Çalışmaya ara verdiğimiz bu noktadan 3 ay geçmişti. Bayan T ye ulaşarak süreçle ilgili gelişimi hakkında bilgi almak istedim.
Bu 3 ay zarfında hayatı ile ilgili sorumluluk almadığı atması gereken adımlar için bir tarih belirlediği ve bu tarihi beklediğini söyledi. Bu arada üzerinde çalıştığımız konulara ilişkin kendisini bana getiren sebeplerin ve bununla ilgili benzer olay ve derslerin inanılmaz bir hızla üzerine gelmeye başladığını yaşamında durduğu noktada huzurun kalmadığı imkanlarının daralarak sıkıştığından bahsetti.

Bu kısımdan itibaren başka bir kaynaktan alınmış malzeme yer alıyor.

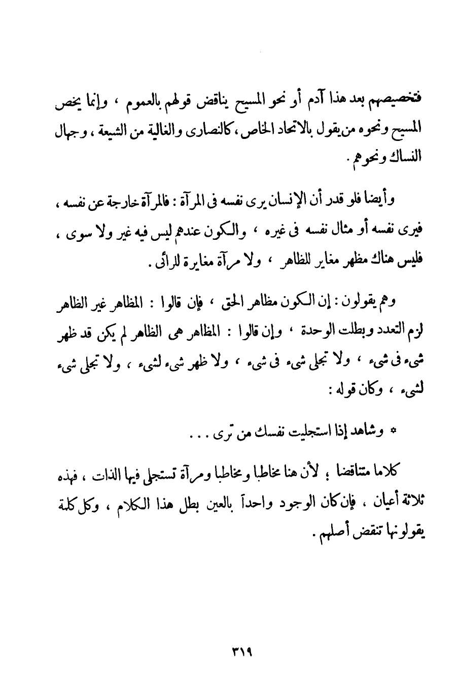 كَلَامًا مُتَنَاقِضًا؛ لِأَنَّ هُنَا مُخَاطِبًا وَمُخَاطَبًا وَمِرْآةً تُسْتَجْلَى فِيهَا الذَّاتُ فَهَذِهِ ثَلَاثَةُ أَعْيَانٍ فَإِنْ كَانَ الْوُجُودُ وَاحِدًا بِالْعَيْنِ بَطَلَ هَذَا الْكَلَامُ وَكُلُّ كَلِمَةٍ يَقُولُونَهَا تَنْقُضُ أَصْلَهُمْ.
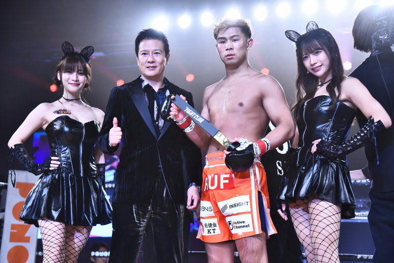 今年11月のFIGHT CLUBでラウンドガールを務めた左は高橋凛、右は桜りん。中央はメインで朝倉未来に勝利したYA-MAN(c)RISE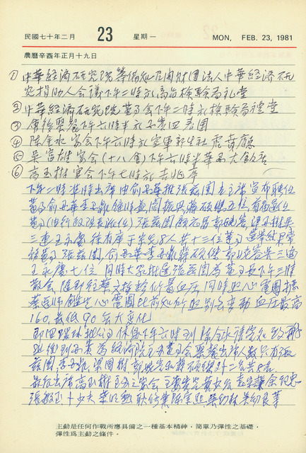 本件為吳三連1981年2月23日之日記。吳三連本日下午出席中華經濟研究院籌備處董事會;會後前往蔡文哲診所健康檢查;晚間赴前中華民國空軍上校陳金水之宴會致謝;參與中華經濟研究院籌備處董事會於台北國賓大飯店舉行之聚餐,以及高玉樹於吉兆亭之宴會。   中華經濟研究院,簡稱中經院,成立於1981年7月1日,由行政院指示經濟建設委員會輔導策劃,為經濟研究機構,是當局為因應1979年中華民國與美國斷交後,所提出之「財政經濟改革措施」,由政府撥款與工商界捐助,共同延攬國內外學者專家,研究國內外經濟情勢,以供政策參考。吳三連本日即參與該研究院籌備期間之工商界捐助會議。除了中經院外,從吳三連日記中亦常見其參與官方、半官方、民間等經濟、工商組織,如中華民國工商協進會、中日文化經濟協會(今台日文化經濟協會)等,可顯見其當時於政、商界有一定的地位。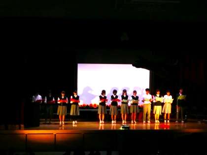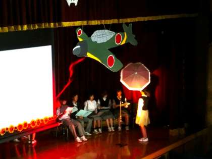 登場人物の複雑な心情をうまく表現した朗読に思わず涙がこぼれそうになりました。1・2年生の生徒、教職員、保護者の皆様、会場にいたすべての人が平和について改めて考えさせられた見事な発表(劇)でした。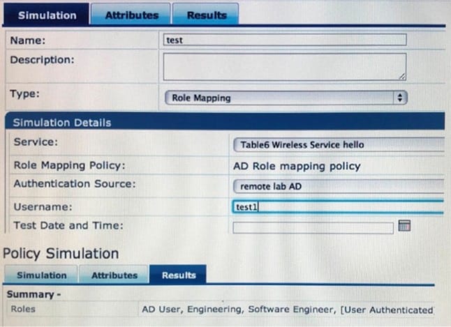 D. The simulation test result shows the firewall roles assigned to the client by the Aruba Controller.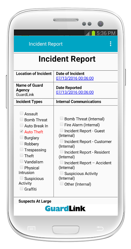 Incident reporting is a vital part of the job, and all security professionals frequently have to complete and submit reports to their superiors and their clients. To facilitate this, the GuardLink system utilizes Dropdown Menus and Voice Dictation to make incident reporting easy. The system gives its users the ability to generate a detailed and properly formatted report. The report includes a description of the incident, details regarding the subjects involved, and any related photos or videos.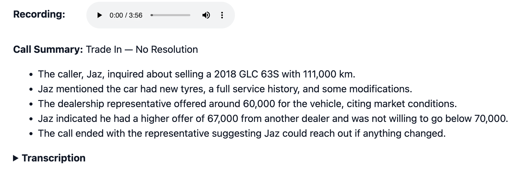 When a phone call is received through your tracking number, Dealer Studio automatically transcribes the call and generates a plain-English summary. The summary appears inside the lead cluster associated with that call.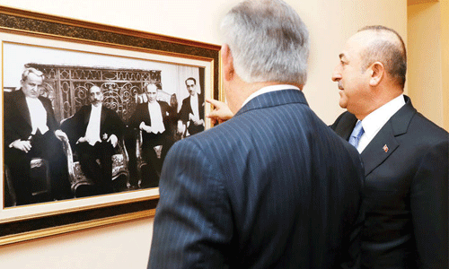 DIŞİŞLERİ Bakanı Mevlüt Çavuşoğlu, resmi ziyaret amacıyla Ankara’ya gelen ABD Dışişleri Bakanı Rex Tillerson ile Ankara Palas’ta görüştü. İkili ortak basın toplantısı öncesi Ankara Palas’ı gezdi. Bakan Çavuşoğlu, Ankara Palas’ın duvarında asılı bir Atatürk resmiyle ilgili olarak da Bakan Tillerson’a bilgi verdi.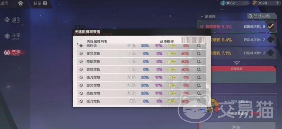 洗练系统大家要是注重的话,其实建议按照增攻>破坏值>增伤这样的顺序来提升效果,在图片右上角有一个洗练查看装备附带的可洗练词条的功能,通过这个功能可以看到大家的装备将洗出什么副属性,因此在前期可以通过普通深渊来刷出主属性为攻击力的装备,凑齐一些好的羁绊,需要注意的是,上位武器所需的强化材料远远高于中位武器,由于缺乏强化材料,强化等级较低的上位武器的攻击力可能还不如中位强化满的装备高,因此在换上位武器之前务必要特别注意这一点。

Tam da sıkıştığı bu noktada arkadaşlarının isteği ile astral yolculuk deneyerek geçmiş yaşamlarına gittiğinden bahsetti. Geçmiş yaşamlarında nasıl acı çektiğinden korkularının sıkışmışlığının onların içindeki bu günü yok etme günün varlığını anlattı… ve en sonunda ulaştığına inandığı bugünkü açmazlarının bundan kaynaklandığından bahsetti. Orada gözlemlediği yaşamı bana anlattı…
Kendisine şunu dedim.
” Senin geçmiş yaşamlardan getirmeye ihtiyacın olan bir acı ve travmaya ihtiyacın zaten yok. Sen bu yaşamında öyle acılar yaşadın ki aradığın cevapların hepsi zaten bu gün yaşadığın hayatın içinde vardı. Tüm çektiğin acıların ve sıkıntıların zaten bu yaşamda. Sen neden sana ait olmayan bir yaşamın sebeplerinin peşinde oldun. Bu yaşamda çektiğin acı ve sıkıntı zaten sana yeterde artar bile . Ve tüm bunların ne olduğunu tam olarak biliyorsun. Bu gün yapman gerekeni de biliyorsun ve sorumluluğunu alarak üç aydır yapman gerekenleri yapmıyorsun. İleri bir tarihi beklerken yaşam sana hayatına gitmen, hayatına devam etmen için vermesi gereken tüm mesajları bugünkü gerçekliğinde verirken sen kendine bahaneler oluşturmak adına temas kurduğun geçmiş yaşam yalanında sorumluluğunu öteleyip kendine bahaneler arıyorsun “dediğimde .
Bayan T sert bir tokat yemiş gibiydi. Kedisinden kaçtığını bir takım bahanelere sığındığını hayatının sorumluluğunu almadığını fark etmişti. Ağzından ” Önümüzdeki ay hayatımda ilgilenmeye başlayacağımı planladım “cümlesi dökülebildi sadece.
Her zaman dediğim gibi bizim amacımız kendimizden kaçmak sebepleri ve çözümleri bize ait olmayan yerle de aramak istersek birileri bize bizim istediğimiz, geçmiş yaşamdaki atalarımızın yaşadıklarından, çevresel sebeplerden, …. her nereden olursa olsun ihtiyacımız olan yalanları söylemek için orada olacaktır. Bunun yanında şıracımız da bazen ailemizden bazen arkadaşlarımızdan bazen çalışanlarımızdan ya da yöneticilerimizden olurken bazen de falcılardan uzmanlardan birisi olacaktır.